Teaching Philosophy
I view teaching as an opportunity to equip students with the conceptual foundations, technical skills, and critical thinking abilities needed to address complex environmental challenges. My approach emphasizes student motivation, hands-on learning, and ethical use of artificial intelligence as a learning tool rather than a substitute for reasoning.
I connect course content to real-world applications, incorporate active learning strategies such as project-based labs and group discussions, and provide visual and interactive materials to support students from diverse backgrounds.
Teaching Experience
Teaching Assistant / Lab Instructor
Remote Sensing of Environment (NRE 3535)
University of Connecticut | Fall 2023
- Led weekly laboratory sessions on satellite data acquisition, visualization, and analysis using ENVI.
- Delivered guest lectures on multispectral remote sensing and satellite geometry.
- Organized group discussions and student presentations.
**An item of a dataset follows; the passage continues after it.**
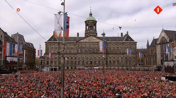 #MaximaReina: Más de 25 mil personas permanecen en la plaza Dam luego del saludo de la familia [FOTO]pic.twitter.com/1O8zDAj7dL

- Graded assignments and provided constructive feedback to support student learning.
Research Mentorship
- Mentored undergraduate and graduate students on projects involving satellite time-series analysis, machine learning, and forest disturbance monitoring.
Future Teaching Interests
I am interested in teaching courses in:
- Remote Sensing of the Environment
- Geographic Information Systems (GIS)
- Environmental Data Science and Geospatial AI
I am also enthusiastic about developing new courses that integrate satellite remote sensing, machine learning, and reproducible research workflows using Python, GIS, and cloud-based platforms.